* [What needs to be done]: What should be copied is the stretch of entries below from the line with "Nuzvid (12 km)" up to and including the line with "Message (IM) messages", exactly and without images.
*** Source records
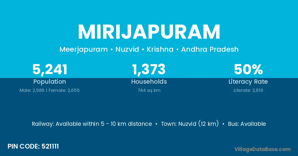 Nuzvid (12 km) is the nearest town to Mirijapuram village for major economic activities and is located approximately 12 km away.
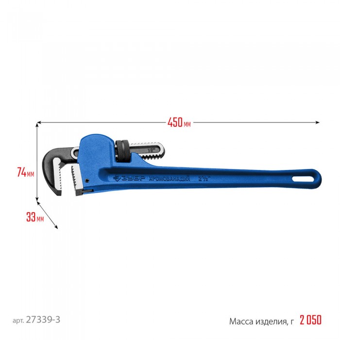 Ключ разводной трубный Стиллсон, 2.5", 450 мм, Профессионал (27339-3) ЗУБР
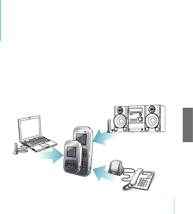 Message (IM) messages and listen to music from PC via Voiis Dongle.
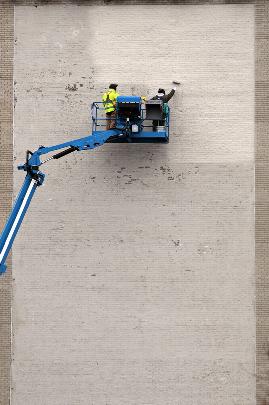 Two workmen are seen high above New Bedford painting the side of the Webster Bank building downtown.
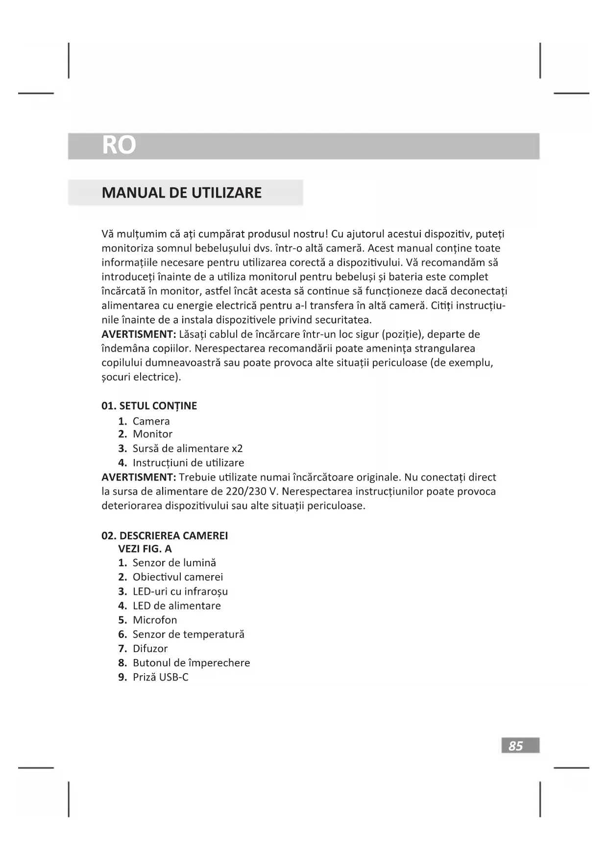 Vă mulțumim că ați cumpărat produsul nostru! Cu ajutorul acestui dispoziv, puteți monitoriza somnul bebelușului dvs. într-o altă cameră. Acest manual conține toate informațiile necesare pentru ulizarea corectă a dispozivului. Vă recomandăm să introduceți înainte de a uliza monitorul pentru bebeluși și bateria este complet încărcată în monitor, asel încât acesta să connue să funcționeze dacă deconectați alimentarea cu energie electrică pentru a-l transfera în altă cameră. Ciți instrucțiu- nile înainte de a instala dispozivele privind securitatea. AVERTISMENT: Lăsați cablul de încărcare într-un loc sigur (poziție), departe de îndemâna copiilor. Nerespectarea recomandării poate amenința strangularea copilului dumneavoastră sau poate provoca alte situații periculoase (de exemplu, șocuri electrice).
******
*** Source records
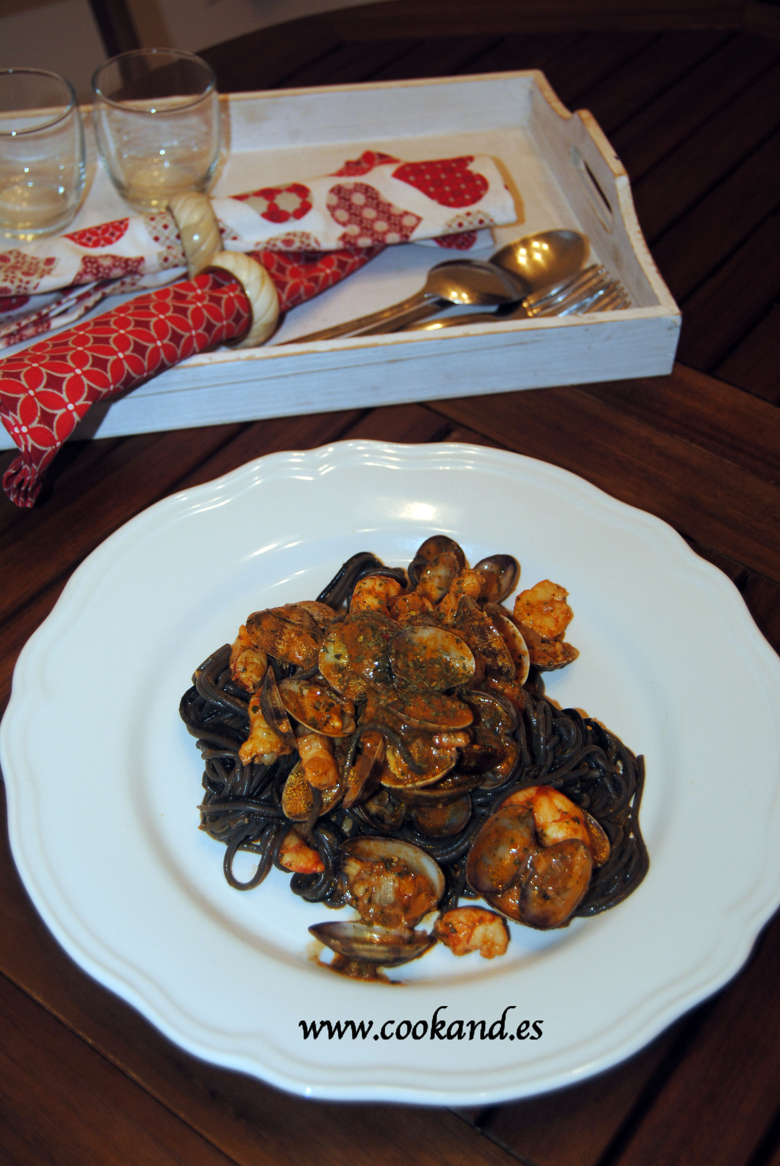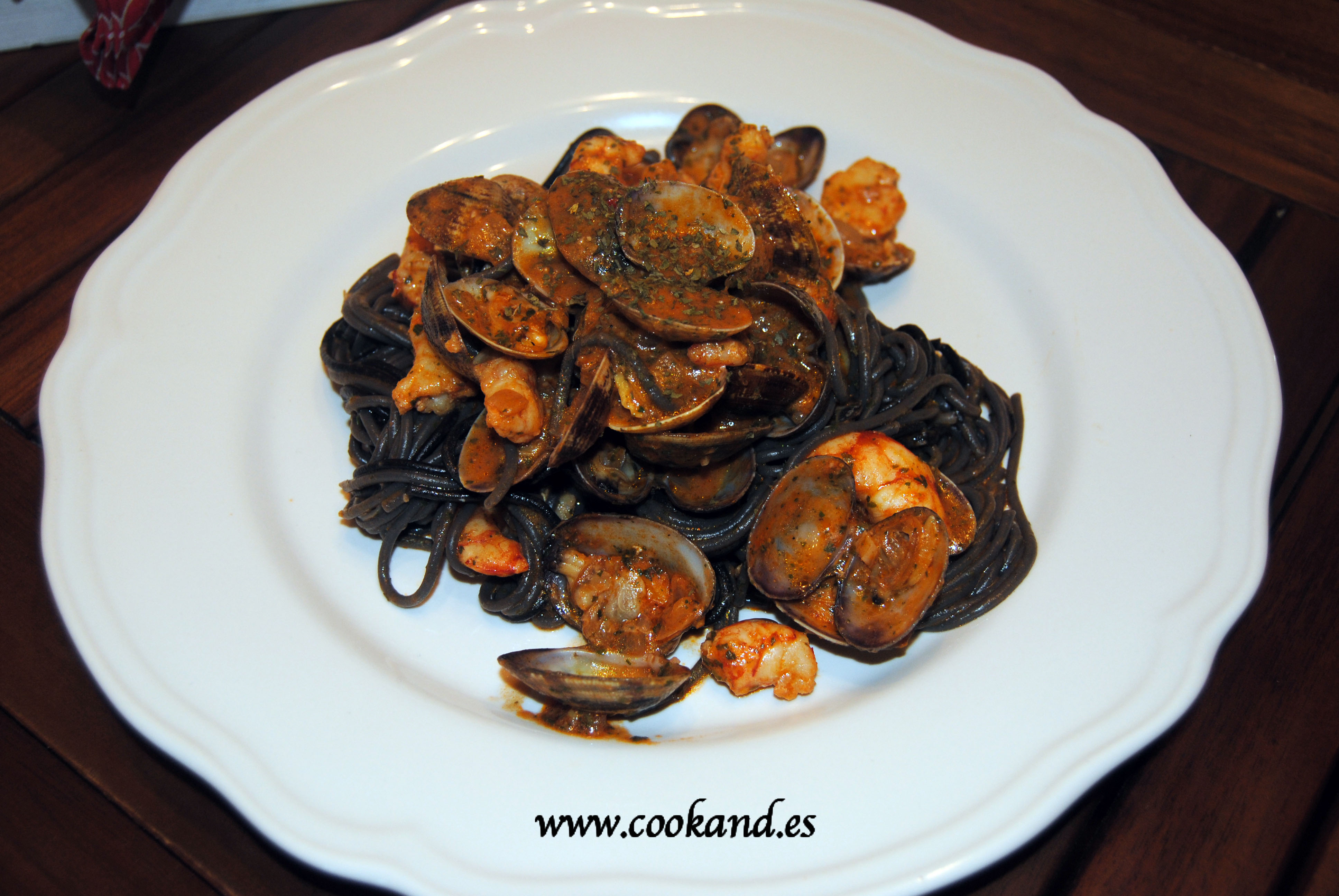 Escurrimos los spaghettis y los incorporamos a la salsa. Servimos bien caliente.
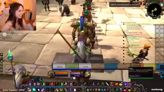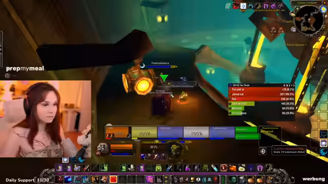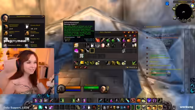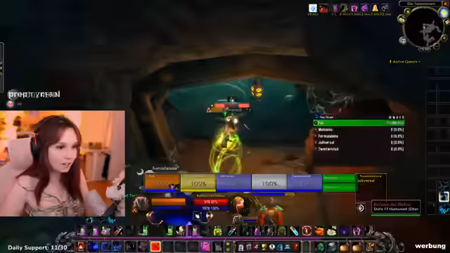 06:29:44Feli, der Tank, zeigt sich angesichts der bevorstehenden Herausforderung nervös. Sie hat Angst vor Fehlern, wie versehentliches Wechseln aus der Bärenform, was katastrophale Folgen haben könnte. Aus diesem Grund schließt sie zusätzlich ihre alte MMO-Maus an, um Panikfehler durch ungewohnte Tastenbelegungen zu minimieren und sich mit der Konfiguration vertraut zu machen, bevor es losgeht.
******
* [Answer to this problem]:
 Nuzvid (12 km) is the nearest town to Mirijapuram village for major economic activities and is located approximately 12 km away.
 Ключ разводной трубный Стиллсон, 2.5", 450 мм, Профессионал (27339-3) ЗУБР
 Message (IM) messages and listen to music from PC via Voiis Dongle.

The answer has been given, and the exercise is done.